Un arc urbain éclaté
La configuration des réseaux urbains reflète les inégales densités de population. Une galaxie de villes dessine un arc de près de 2000 km entre l’embouchure du fleuve Congo et la zone minière du Haut-Katanga. Avec quinze villes de plus de 100 000 habitants, dont deux dépassent le million (Lubumbashi et Mbuji Mayi) et Kinshasa les cinq millions, cet arc urbain représente un élément fort de structuration du territoire. Il comprend par ailleurs les plus importants centres d’industrie extractive, Lubumbashi, Kolwezi, Likasi (cuivre-cobalt), Mbuji Mayi, Tshikapa (diamant). L’arc urbain constitue donc une pièce maîtresse de l’architecture territoriale de la RDC, un support essentiel pour le développement local comme pour le renforcement des liens entre l’est et l’ouest du pays. À l’est de la RDC, un chapelet de villes (dont six dépassent 100 000 habitants) jalonne l’axe des hautes terres entre Uvira et Aru. Elles constituent des pôles d’activités tertiaires dynamiques. La plupart des flux commerciaux y sont tournés vers l’Afrique orientale et l’océan Indien. Une importante fonction d’interface régionale s’ajoute ainsi à leur rôle local. En dehors de ces deux grands arcs urbains, les fonctions de polarisation sont plus dispersées. Kisangani a beaucoup souffert de la guerre, mais sa position stratégique pourrait être à nouveau valorisée avec la reprise de la navigation sur le Congo et la réhabilitation de la route de Bukavu, ce qui rendra possible l’articulation du bassin du Congo, orienté vers l’Atlantique, avec un grand Est ouvrant sur l’océan Indien. La création des provinces énumérées par la Constitution, devrait générer quant à elle des dynamiques en faveur des nouveaux chefs-lieux.

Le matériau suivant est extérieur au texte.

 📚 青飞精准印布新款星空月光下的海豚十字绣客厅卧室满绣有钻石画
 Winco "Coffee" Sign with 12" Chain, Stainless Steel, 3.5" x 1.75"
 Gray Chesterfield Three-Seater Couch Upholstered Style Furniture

C’est à ce défi de la reconstruction physique d’un « espace écartelé » (Bruneau et Simon, 1991) que la RDC doit répondre après des décennies de déstructuration de son tissu spatial. La décentralisation peut y contribuer en favorisant les dynamiques locales. Depuis longtemps, sinon toujours, orphelines de l’État, les populations n’ont d’ailleurs pas attendu les réformes institutionnelles pour prendre des initiatives en vue de leur développement. Les Nande du Nord-Kivu sont souvent cités en exemple : ils ont su se mobiliser pour répondre à leurs besoins avec leurs propres moyens, en investissant dans les domaines des transports, de l’énergie, de l’agro-alimentaire, de la santé, de l’éducation avec notamment l’Université du Graben. La ville de Butembo porte témoignage de ce dynamisme. Les commerçants nande ont bien sûr tiré profit de leur situation frontalière et des ouvertures vers l’Afrique orientale et au-delà. De telles conditions ne sont pas réunies dans les régions enclavées de la RDC, dont la fermeture a asphyxié le potentiel productif : les acteurs économiques et les populations de ces régions n’attendent que d’être à nouveau reliées au monde extérieur pour se réinsérer dans l’économie nationale.

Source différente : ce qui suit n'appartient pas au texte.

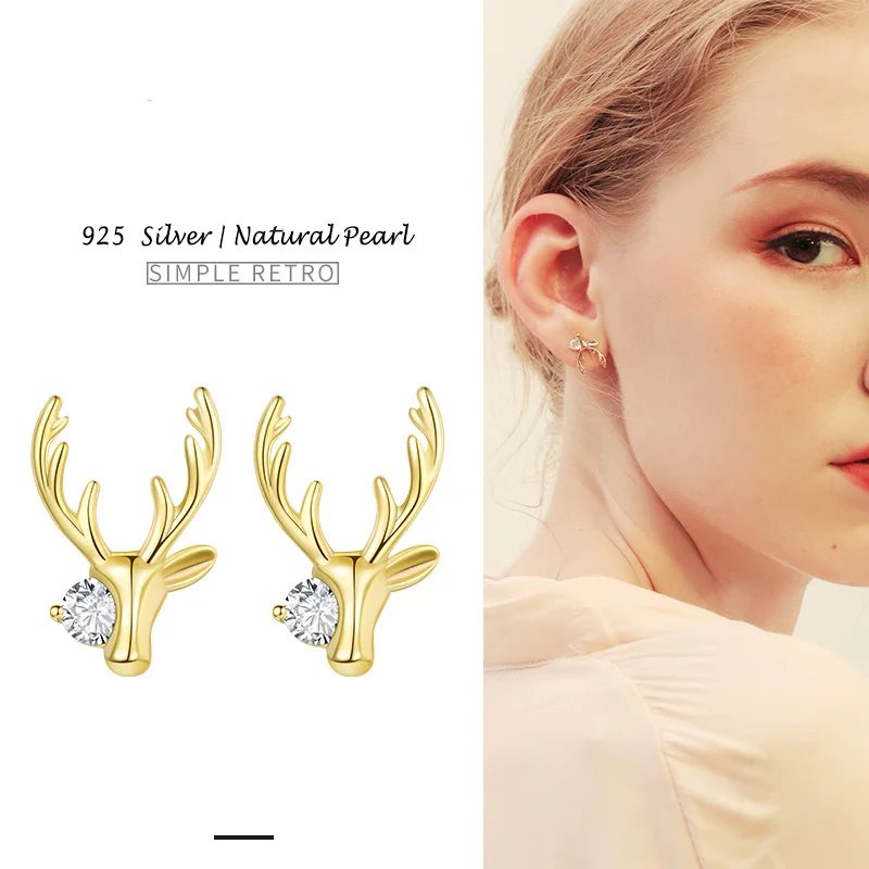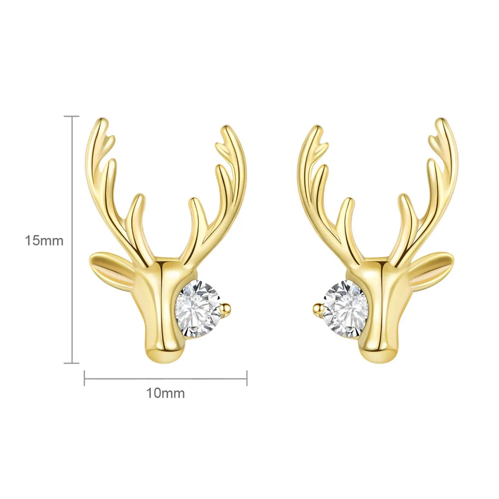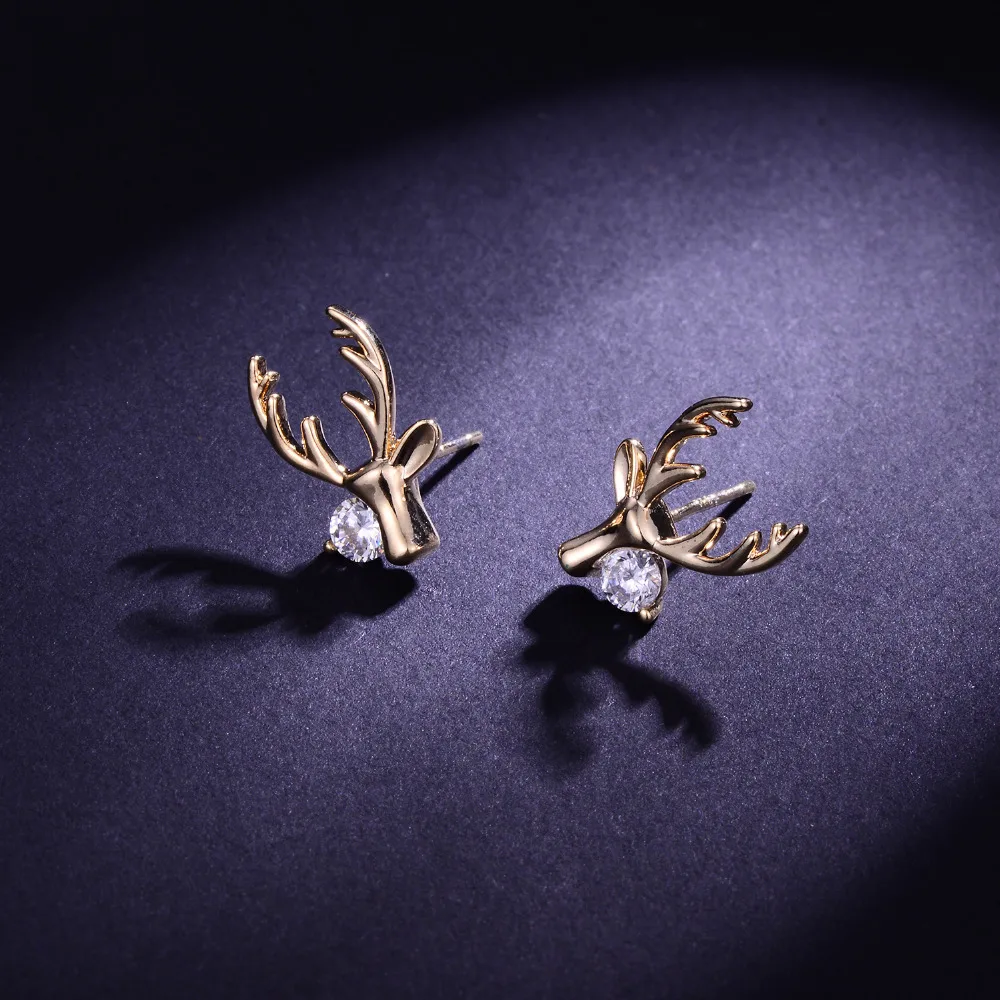 925 Sterling Silver CZ Stud Earrings For Women Jewelry Simple Cubic Zircon Ear Piercing Post Earrings Cute Deer

Gérer de manière unifiée un espace riche mais déstructuré
On a coutume de dire que le Congo « regorge de richesses naturelles ». Pourtant, leur exploitation, fondement de l’économie congolaise depuis plus d’un siècle, en fait autant sa force que sa faiblesse. La reconstruction de l’économie nationale s’inscrira-t-elle dans la continuité d’une économie de prélèvement, sinon de pillage, ou dans une perspective de valorisation raisonnée de ces « richesses » forestières et minières qui ne sont ni une panacée ni une malédiction ? C’est une question fondamentale qui articule gestion des ressources, politiques territoriales et modèles de développement.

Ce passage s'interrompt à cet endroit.